Think of oral health and general health as a two-way street, each signalling problems with the other. Particular problems with the mouth hint at parallel problems in the body.
Tooth loss is usually connected with one of two issues – smoking or poorly controlled diabetes. Only about five to ten per cent of the adult population in any country have been found to suffer from moderate to severe gum disease. If you have such gum disease, you fall into a select group and likely either smoke or have poorly controlled diabetes.
The relationship between smoking and tooth loss is massive. Of those with severe gum disease under the age of 40, about half are smokers. The condition is called smoking-associated periodontitis (gum disease).
Smoking damages the support of the teeth in the jaws. Recent research has shown that those who smoke cannot control the growth of bacteria between their teeth and gums nearly as well as non-smokers. As a result, smokers lose teeth much earlier, and three to nine times faster, than non-smokers.
If you smoke, the fact that smoking can make your teeth fall out provides yet another good reason to quit.
If you do not smoke, but have significant and perhaps painful gum disease, you should be tested for diabetes. This is especially true if you have a relative with diabetes, even one as distant as a great-grandparent.
Medical and dental professionals have known since the 1960s that gum disease is encouraged by poorly controlled diabetes. However, the average person is not necessarily aware of this. More recent research has proved that there is a two-way interaction between diabetes and serious gum disease. Poorly controlled diabetes leads to serious gum disease and tooth loss. At the same time, ongoing treatment of gum disease can improve the control of diabetes.
Often, serious gum disease has linked genetic factors. They influence many defence mechanisms in the body, especially those that lead to increased inflammation. Such inflammation is a problem not only in the gums, but in many other systems of the body. The cardiovascular system is particularly affected.
The association between serious gum disease and cardiovascular problems (heart and stroke) is not a cause-and-effect relationship. Most likely the two have a common underlying mechanism. Much research is being done in this area.
Since there is a connection, use this information to your advantage if you or another family member have serious gum disease. Consider it a warning to pay attention to and manage any cardiovascular symptoms.
Of course, having your teeth cleaned helps keep gums healthy and monitors your periodontal (gum) health.

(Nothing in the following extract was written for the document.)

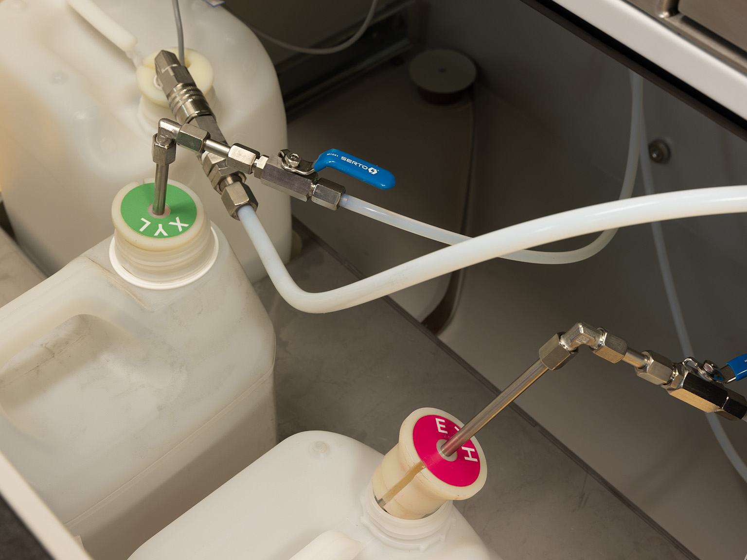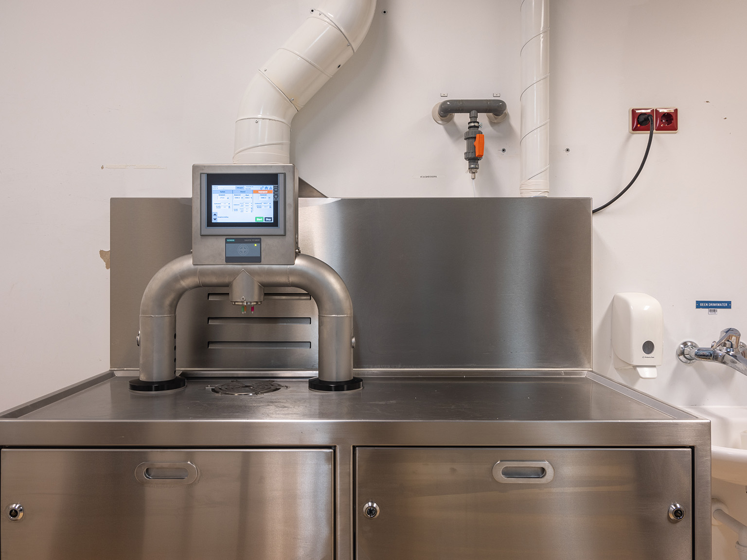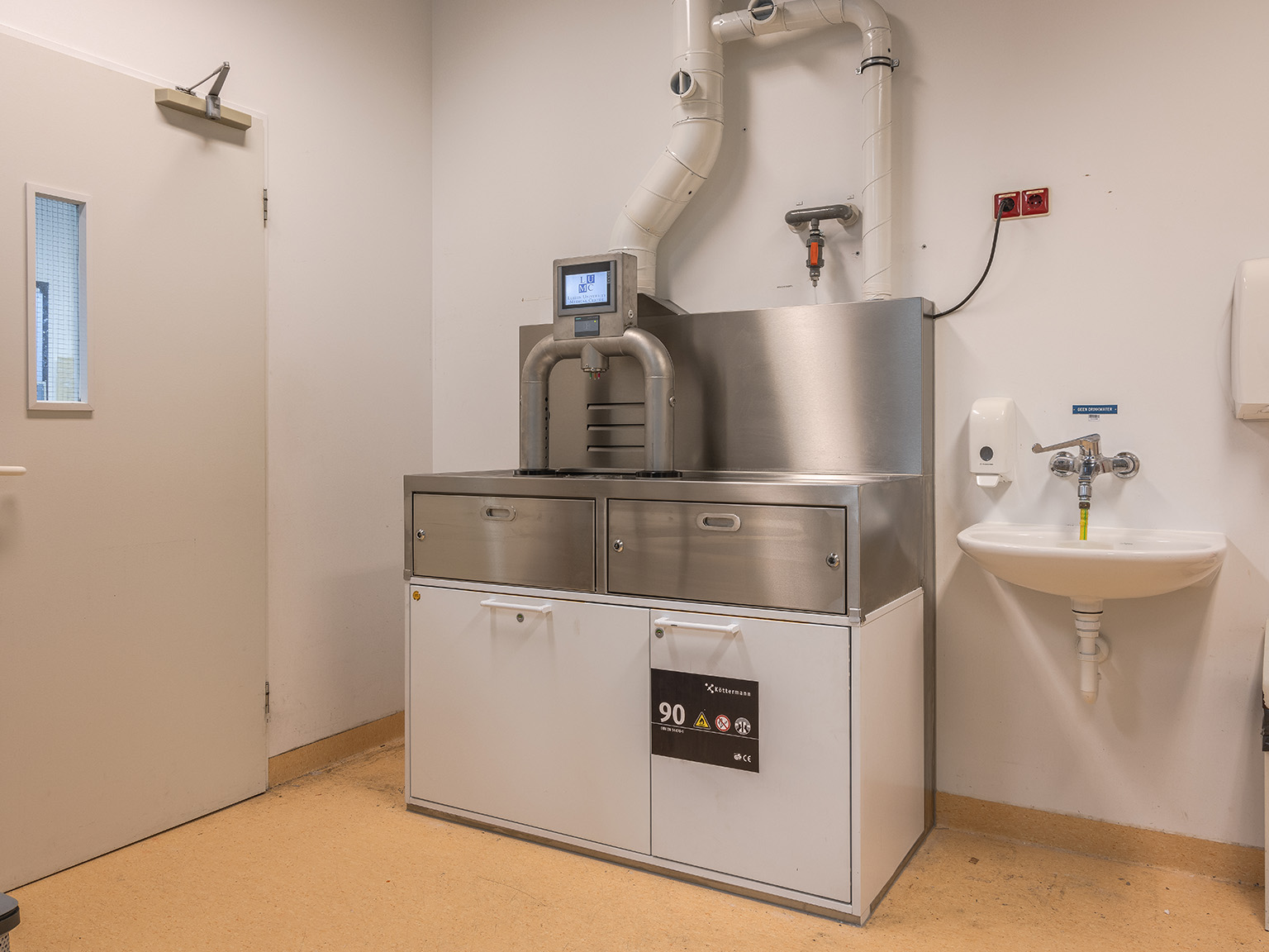 At the rear, released vapors are extracted which can be absorbed by connecting the unit to the hospital’s exhaust system or through a recirculating exhaust system. In this setup three different solvents can be tapped, Xylene, Isopropanol and Ethanol where the latter is mixed with demi water. The slide-out technology rooms are easily accessible for service and maintenance. Applied color coding of the suction lance minimizes human error.

Regular visits to the dental office may also reduce any possible impact that gum inflammation might have on the rest of your body. While keeping gums healthy is important, quitting smoking, exercising and watching your diet are just as essential.
Gum disease may also point to problems with a baby’s weight at birth. Studies in the U.S. show an association between increased gum disease in the mother and her baby being born early (preterm) and with a low birth weight. However, other studies in Europe have found no such association. These differences may reflect the genetic background of people in the various studies.
While research continues in this area, maintaining healthy gums during pregnancy is a good idea. As with heart and stroke, if you have clinically important gum disease and are either planning a pregnancy or are pregnant, your gum disease should be treated.
Elderly individuals with poor oral hygiene have an increased risk of serious chest infections and pneumonia. It is likely that bacteria in poorly maintained mouths can be inhaled directly into the lungs, where they can cause serious infections.
The elderly and those that care for them should make a special effort to keep the mouth clean and healthy. The reward might be a longer life.
Dental treatment and operations can drive bacteria from around the teeth into the blood stream. Those who have internal damage to the heart must be particularly careful. Damage includes heart valve injury or repair for malformations present at birth. People who have had an artificial joint placed within two years should also be concerned.
The problem is that some bacteria in the mouth are able to stick to the sides of teeth and other surfaces in the mouth. These same bacteria are driven into the blood stream during some dental procedures. They are so good at sticking that they can attach to the inside of damaged hearts and artificial joints. They then produce infections in these places.
Infections inside hearts (infectious endocarditis) or artificial joints are very serious. Patients with these concerns must take antibiotics before some types of dental procedures. The antibiotics will kill any bacteria that enter the circulating blood stream, preventing infection.
Happily, most dental decay can be prevented with modern techniques of preventive dentistry, such as fluoride, sealants and low-sugar alternatives. Much gum disease can also be prevented by not smoking and by controlling diabetes. Preventing dental decay and gum disease is the best way to avoid the problems that dental treatment would pose for those with damaged hearts or new artificial joints.
Thanks to modern dentistry and healthy living, many of us keep our mouths healthy for a lifetime. Now, recognizing and preventing oral health problems early on can help us preserve our general health too.